[Start of Attachment]
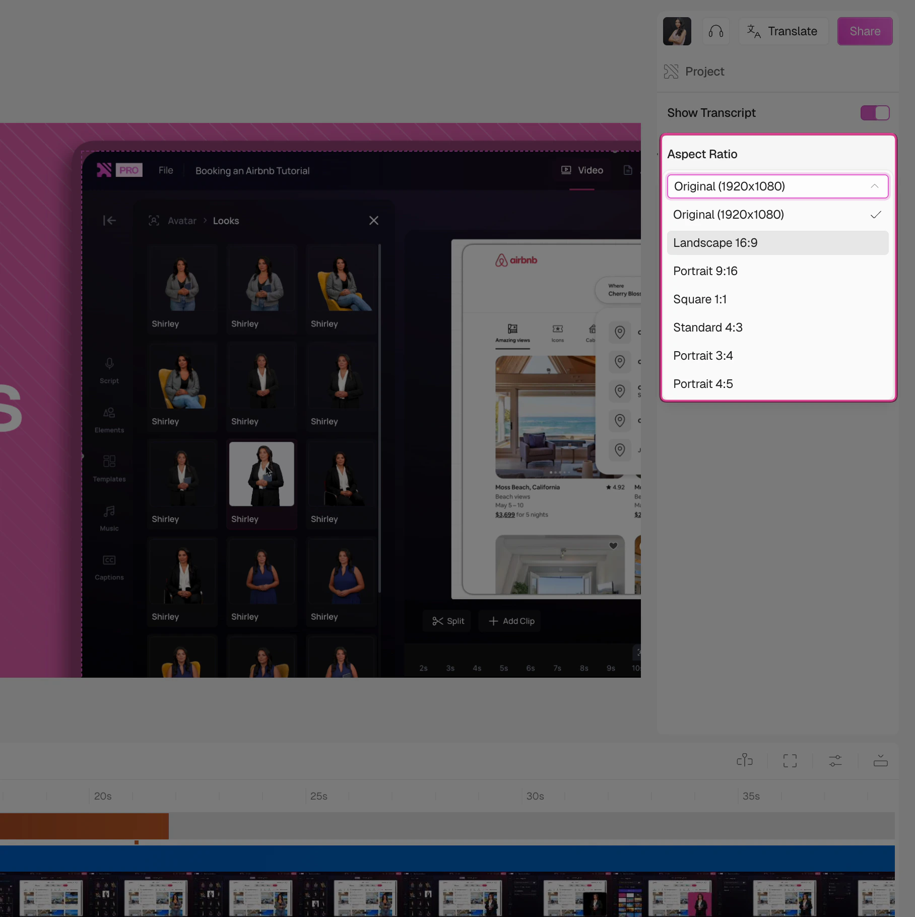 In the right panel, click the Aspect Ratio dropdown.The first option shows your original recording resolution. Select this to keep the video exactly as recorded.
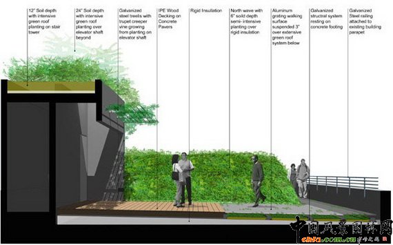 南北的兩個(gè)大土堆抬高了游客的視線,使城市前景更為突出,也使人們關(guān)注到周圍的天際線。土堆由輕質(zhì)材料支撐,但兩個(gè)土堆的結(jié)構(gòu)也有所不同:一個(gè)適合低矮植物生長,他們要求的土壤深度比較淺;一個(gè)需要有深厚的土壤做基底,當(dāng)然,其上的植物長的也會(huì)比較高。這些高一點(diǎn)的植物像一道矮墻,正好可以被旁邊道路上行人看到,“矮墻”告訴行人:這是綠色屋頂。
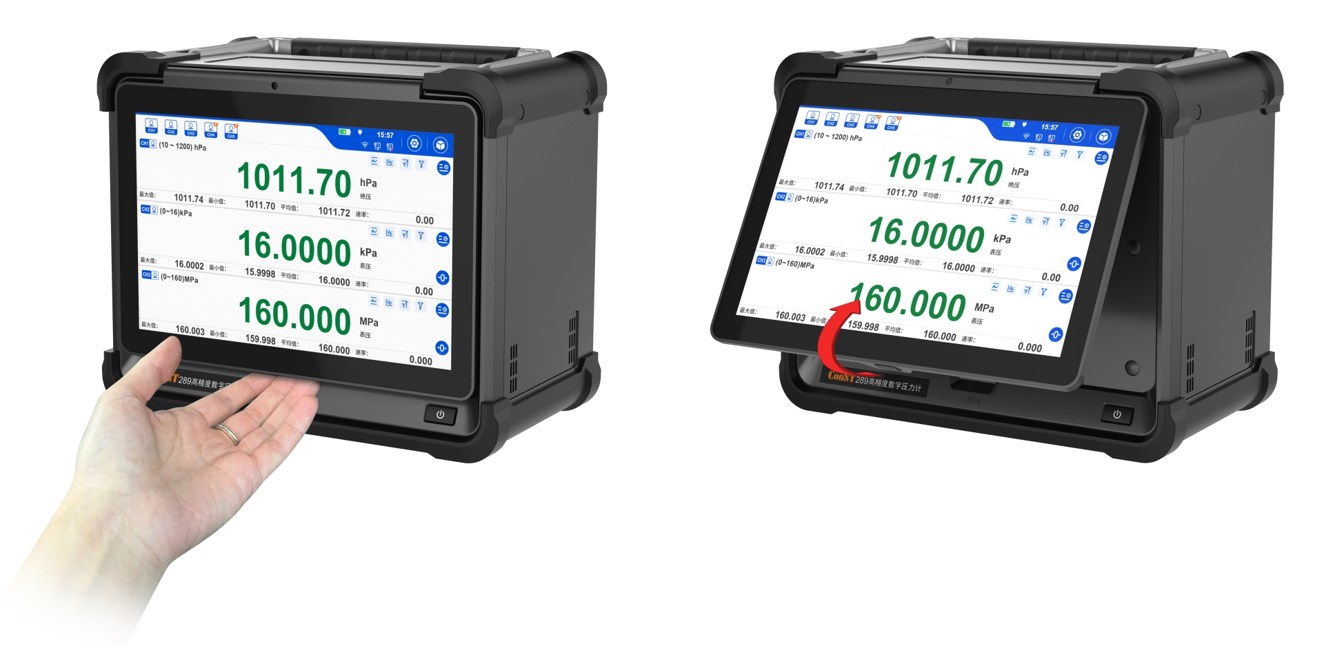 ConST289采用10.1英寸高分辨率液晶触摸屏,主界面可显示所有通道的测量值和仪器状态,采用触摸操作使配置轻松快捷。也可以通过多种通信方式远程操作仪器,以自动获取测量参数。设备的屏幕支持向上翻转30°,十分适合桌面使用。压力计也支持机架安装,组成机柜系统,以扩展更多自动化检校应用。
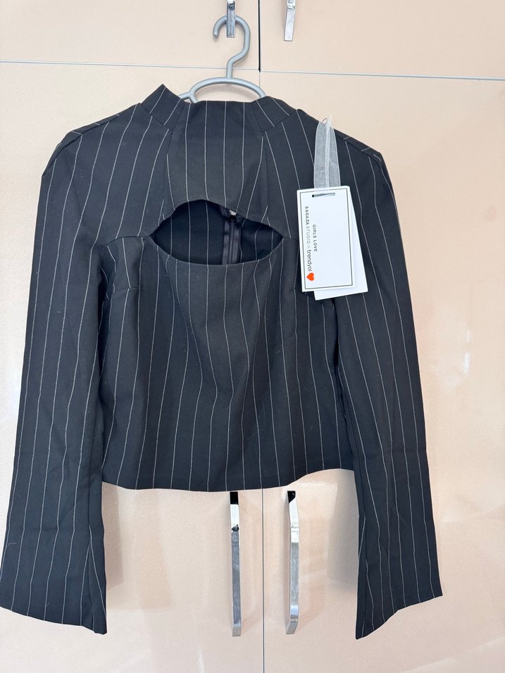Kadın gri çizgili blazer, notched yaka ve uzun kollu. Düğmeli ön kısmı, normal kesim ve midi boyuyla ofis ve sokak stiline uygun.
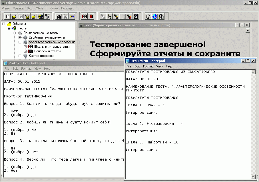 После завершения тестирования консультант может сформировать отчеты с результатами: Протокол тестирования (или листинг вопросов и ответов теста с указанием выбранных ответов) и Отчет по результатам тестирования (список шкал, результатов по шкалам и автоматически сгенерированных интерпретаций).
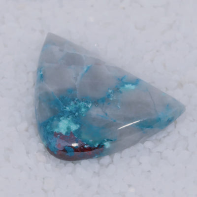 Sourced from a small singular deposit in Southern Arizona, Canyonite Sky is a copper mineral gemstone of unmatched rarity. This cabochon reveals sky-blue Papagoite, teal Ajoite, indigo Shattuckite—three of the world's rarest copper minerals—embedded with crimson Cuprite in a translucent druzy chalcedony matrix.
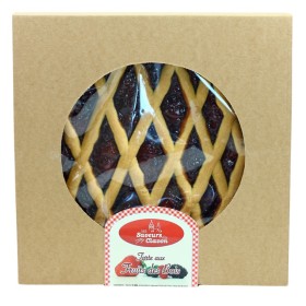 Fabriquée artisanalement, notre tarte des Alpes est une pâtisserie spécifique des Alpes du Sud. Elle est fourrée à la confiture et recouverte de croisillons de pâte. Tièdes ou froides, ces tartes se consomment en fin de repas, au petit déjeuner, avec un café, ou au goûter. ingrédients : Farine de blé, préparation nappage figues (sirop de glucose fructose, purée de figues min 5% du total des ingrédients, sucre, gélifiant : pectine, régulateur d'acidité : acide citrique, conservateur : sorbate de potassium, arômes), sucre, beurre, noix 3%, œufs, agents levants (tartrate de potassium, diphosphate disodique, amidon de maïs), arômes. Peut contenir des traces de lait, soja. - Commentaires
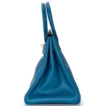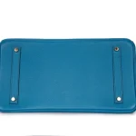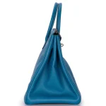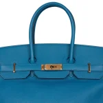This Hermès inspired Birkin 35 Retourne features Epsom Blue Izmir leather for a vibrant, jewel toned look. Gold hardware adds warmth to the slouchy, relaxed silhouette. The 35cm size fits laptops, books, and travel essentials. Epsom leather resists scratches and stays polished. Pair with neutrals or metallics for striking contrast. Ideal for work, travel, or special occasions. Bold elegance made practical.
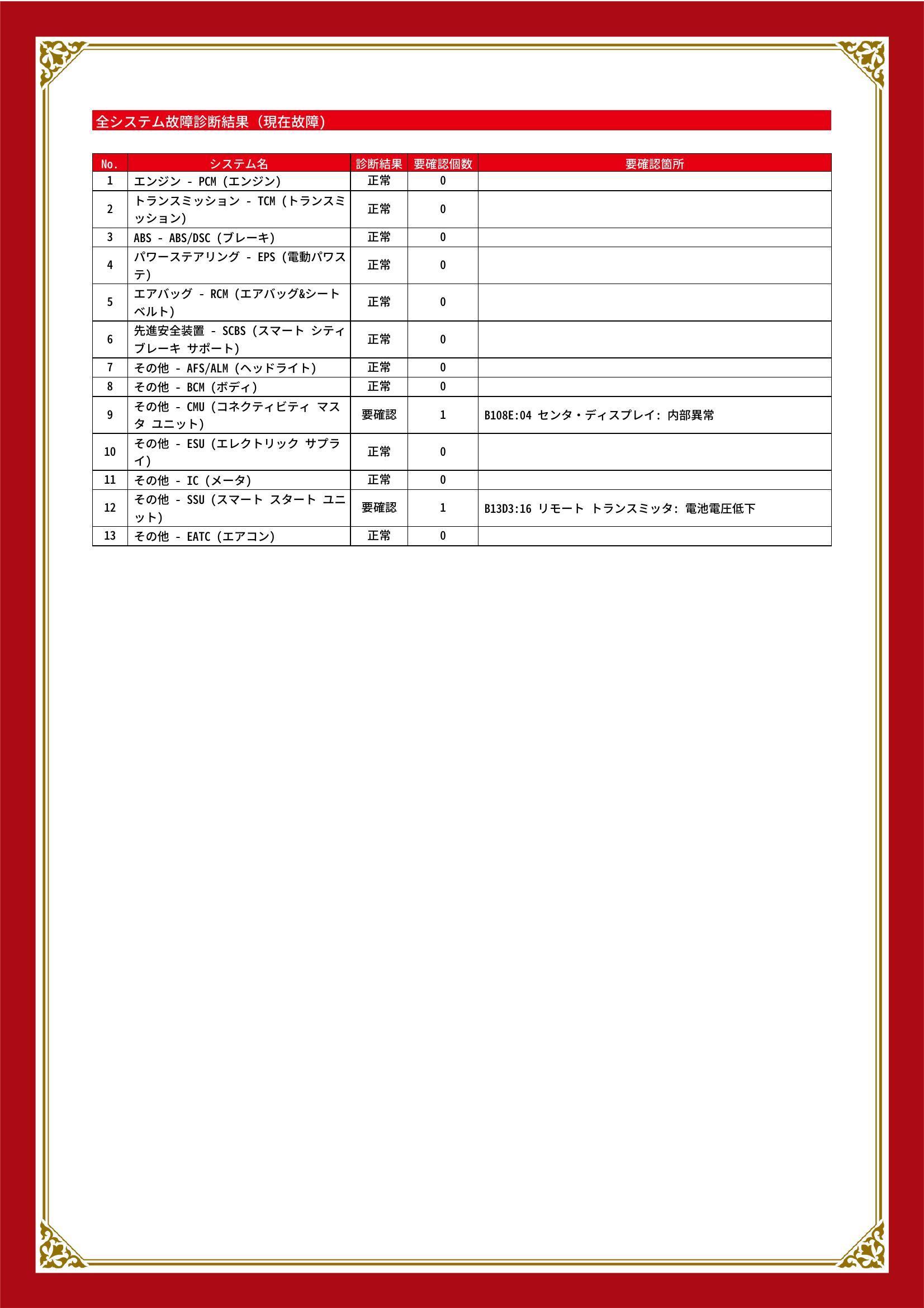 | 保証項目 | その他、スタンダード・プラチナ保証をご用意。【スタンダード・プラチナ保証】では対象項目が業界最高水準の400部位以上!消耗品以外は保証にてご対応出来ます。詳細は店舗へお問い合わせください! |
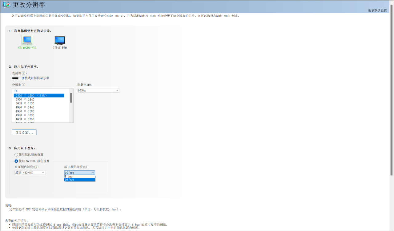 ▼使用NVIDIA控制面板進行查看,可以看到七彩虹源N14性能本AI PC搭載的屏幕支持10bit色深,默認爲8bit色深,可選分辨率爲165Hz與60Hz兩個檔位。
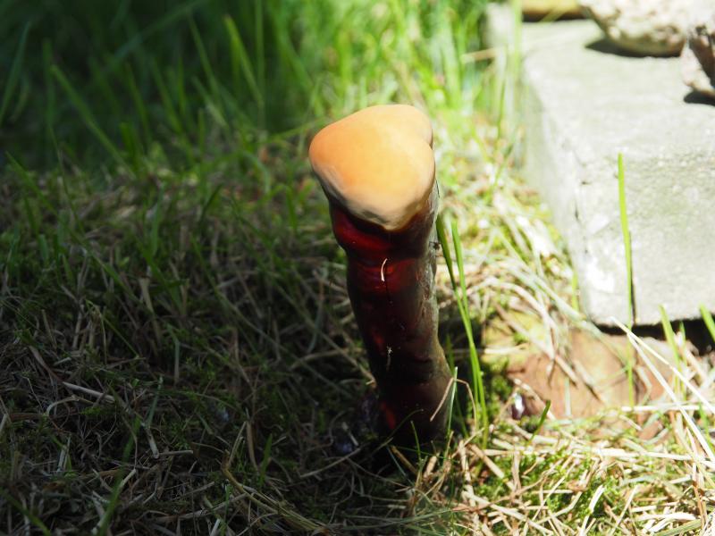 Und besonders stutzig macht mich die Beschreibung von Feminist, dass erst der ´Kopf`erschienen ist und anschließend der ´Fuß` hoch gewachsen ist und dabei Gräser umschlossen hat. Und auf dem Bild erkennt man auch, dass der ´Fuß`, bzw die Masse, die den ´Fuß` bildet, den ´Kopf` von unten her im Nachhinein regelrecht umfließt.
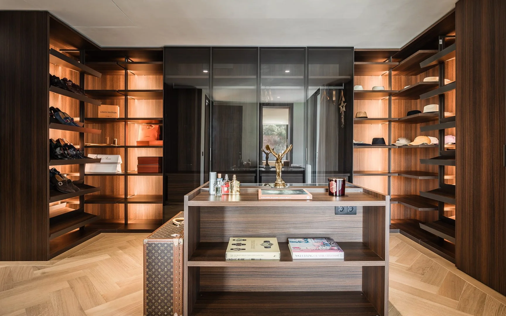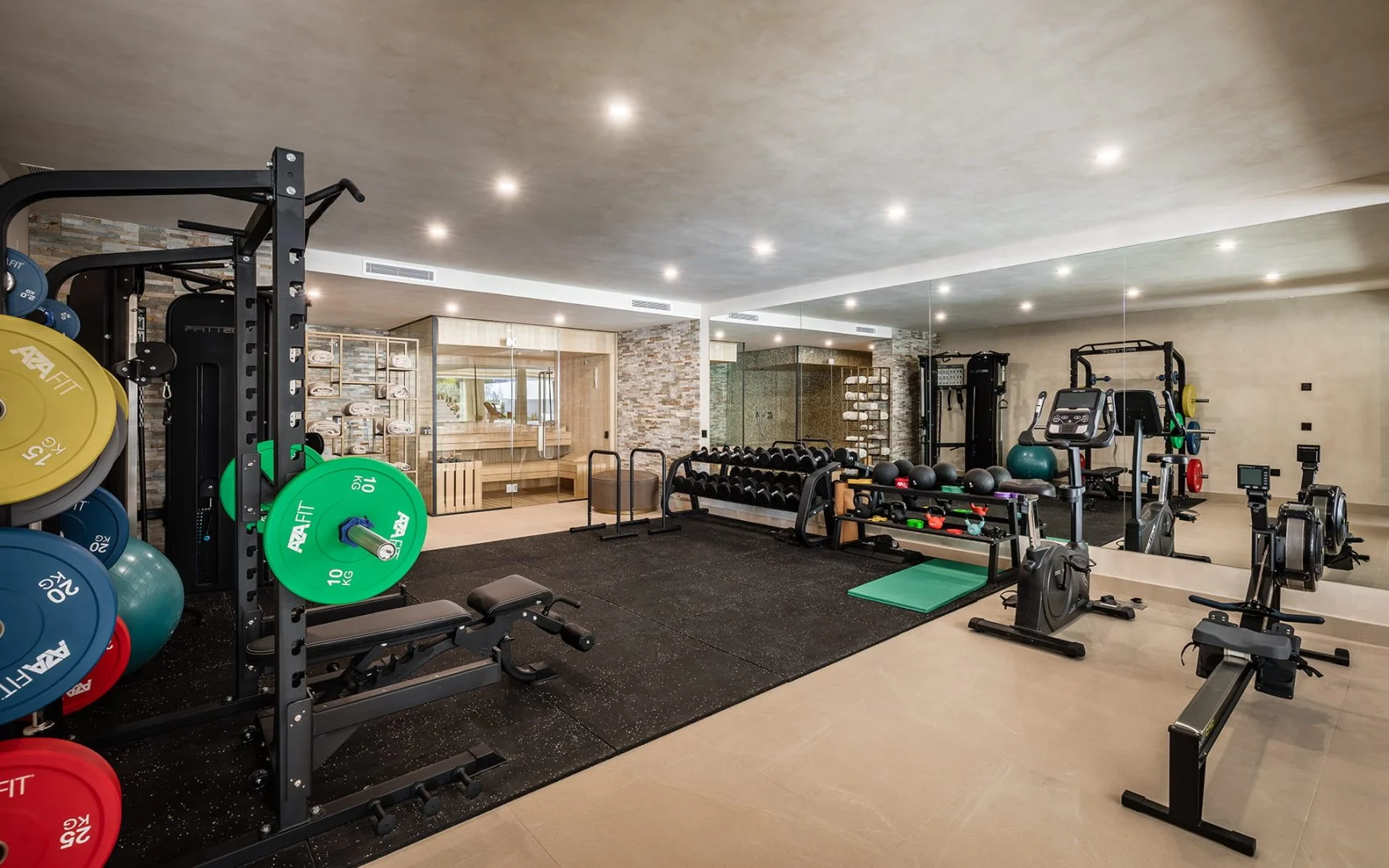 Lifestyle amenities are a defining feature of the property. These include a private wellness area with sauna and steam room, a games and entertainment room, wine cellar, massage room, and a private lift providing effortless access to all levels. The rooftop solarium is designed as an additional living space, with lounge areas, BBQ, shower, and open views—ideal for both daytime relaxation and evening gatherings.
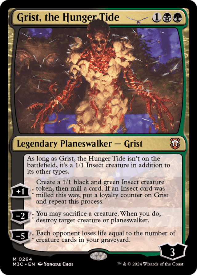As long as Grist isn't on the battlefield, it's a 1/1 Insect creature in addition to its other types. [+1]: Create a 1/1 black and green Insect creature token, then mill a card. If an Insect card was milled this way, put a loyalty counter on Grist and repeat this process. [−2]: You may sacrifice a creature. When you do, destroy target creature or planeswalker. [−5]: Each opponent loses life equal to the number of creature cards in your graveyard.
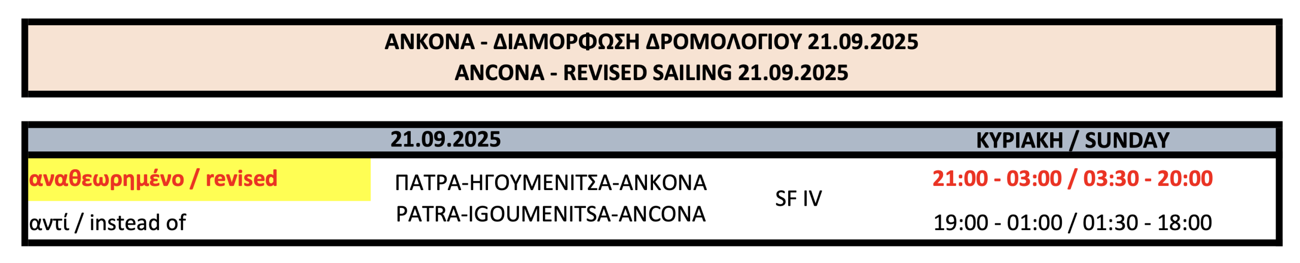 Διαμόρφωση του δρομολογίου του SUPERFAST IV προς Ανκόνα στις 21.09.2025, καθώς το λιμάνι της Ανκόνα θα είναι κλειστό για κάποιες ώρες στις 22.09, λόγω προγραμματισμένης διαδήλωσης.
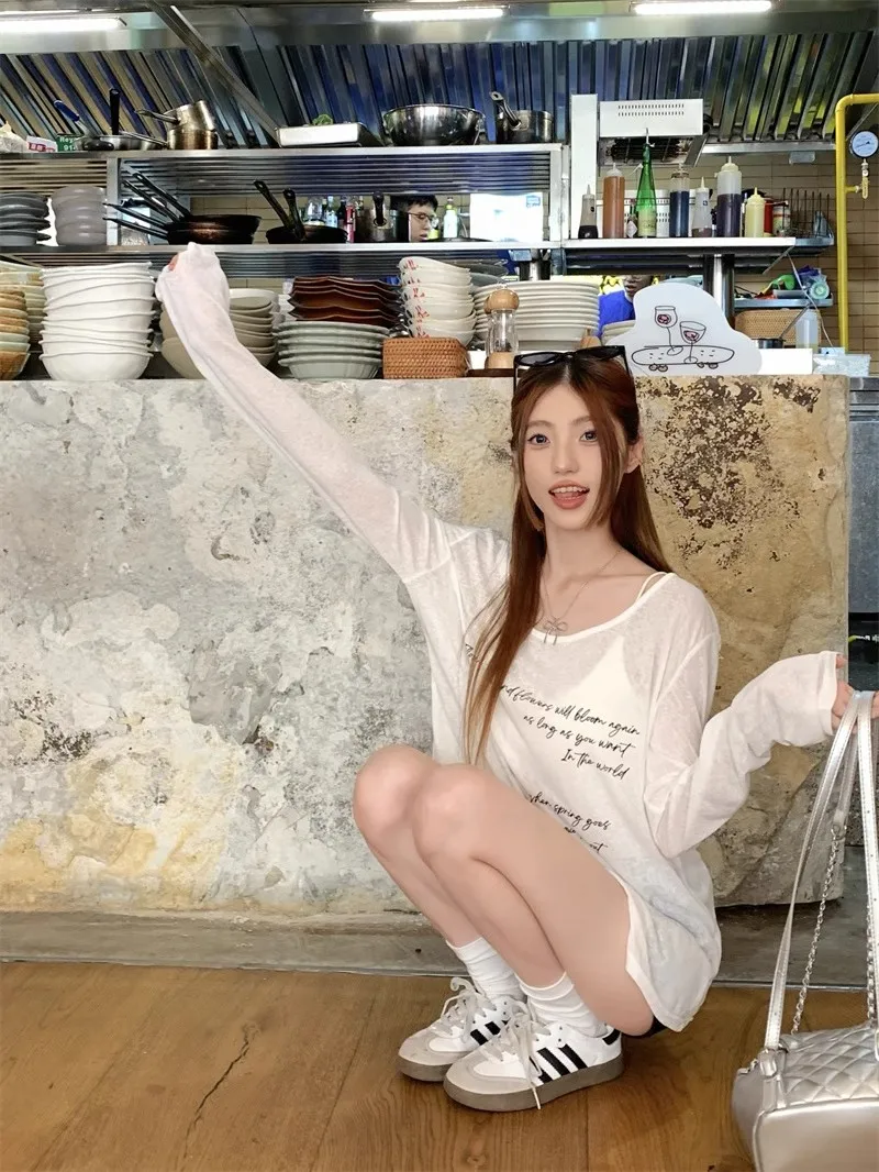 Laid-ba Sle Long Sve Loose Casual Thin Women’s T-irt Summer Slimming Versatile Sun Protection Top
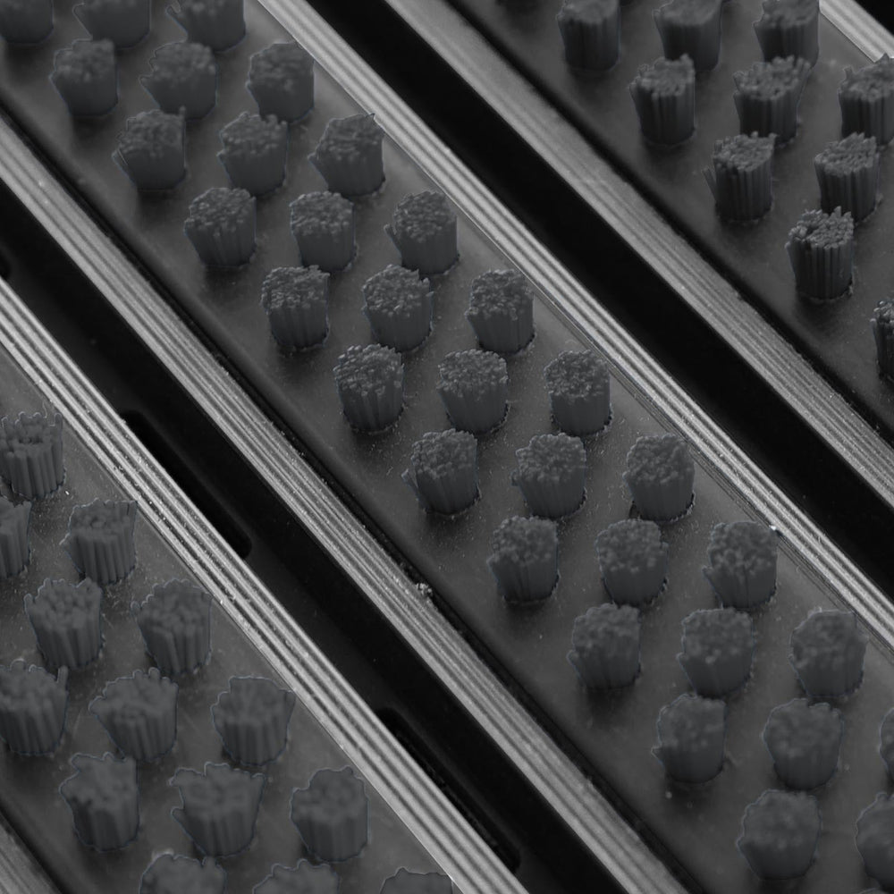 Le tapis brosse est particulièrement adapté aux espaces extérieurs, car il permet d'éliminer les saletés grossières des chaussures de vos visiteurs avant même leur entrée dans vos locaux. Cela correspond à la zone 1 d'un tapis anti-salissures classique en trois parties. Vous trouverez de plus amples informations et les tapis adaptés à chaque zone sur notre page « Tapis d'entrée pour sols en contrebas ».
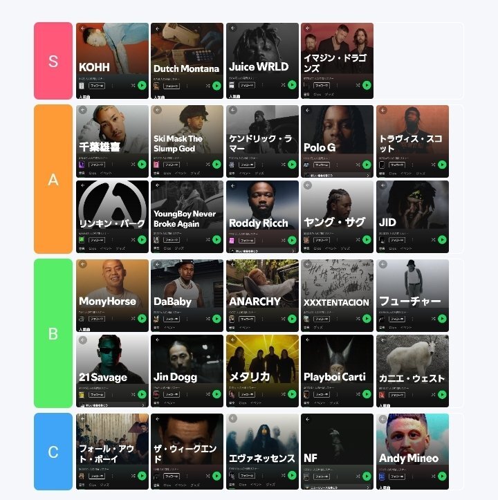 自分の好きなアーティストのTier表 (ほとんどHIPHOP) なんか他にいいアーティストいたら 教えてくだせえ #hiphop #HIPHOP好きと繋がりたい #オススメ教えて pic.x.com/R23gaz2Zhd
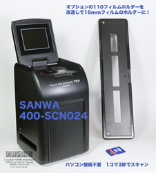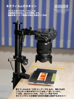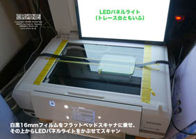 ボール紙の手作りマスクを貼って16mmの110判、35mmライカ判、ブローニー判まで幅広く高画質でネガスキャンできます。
[End of Attachment]
**EXERCISE INSTRUCTIONS:** Working from the entries above, reproduce exactly and only the lines beginning with the line that has "This Hermès inspired" and ending with the line that has "Lifestyle amenities are"; omit all pictures.

**RESPONSE BELOW:**
This Hermès inspired Birkin 35 Retourne features Epsom Blue Izmir leather for a vibrant, jewel toned look. Gold hardware adds warmth to the slouchy, relaxed silhouette. The 35cm size fits laptops, books, and travel essentials. Epsom leather resists scratches and stays polished. Pair with neutrals or metallics for striking contrast. Ideal for work, travel, or special occasions. Bold elegance made practical.
 | 保証項目 | その他、スタンダード・プラチナ保証をご用意。【スタンダード・プラチナ保証】では対象項目が業界最高水準の400部位以上!消耗品以外は保証にてご対応出来ます。詳細は店舗へお問い合わせください! |
 ▼使用NVIDIA控制面板進行查看,可以看到七彩虹源N14性能本AI PC搭載的屏幕支持10bit色深,默認爲8bit色深,可選分辨率爲165Hz與60Hz兩個檔位。
 Und besonders stutzig macht mich die Beschreibung von Feminist, dass erst der ´Kopf`erschienen ist und anschließend der ´Fuß` hoch gewachsen ist und dabei Gräser umschlossen hat. Und auf dem Bild erkennt man auch, dass der ´Fuß`, bzw die Masse, die den ´Fuß` bildet, den ´Kopf` von unten her im Nachhinein regelrecht umfließt.
 Lifestyle amenities are a defining feature of the property. These include a private wellness area with sauna and steam room, a games and entertainment room, wine cellar, massage room, and a private lift providing effortless access to all levels. The rooftop solarium is designed as an additional living space, with lounge areas, BBQ, shower, and open views—ideal for both daytime relaxation and evening gatherings.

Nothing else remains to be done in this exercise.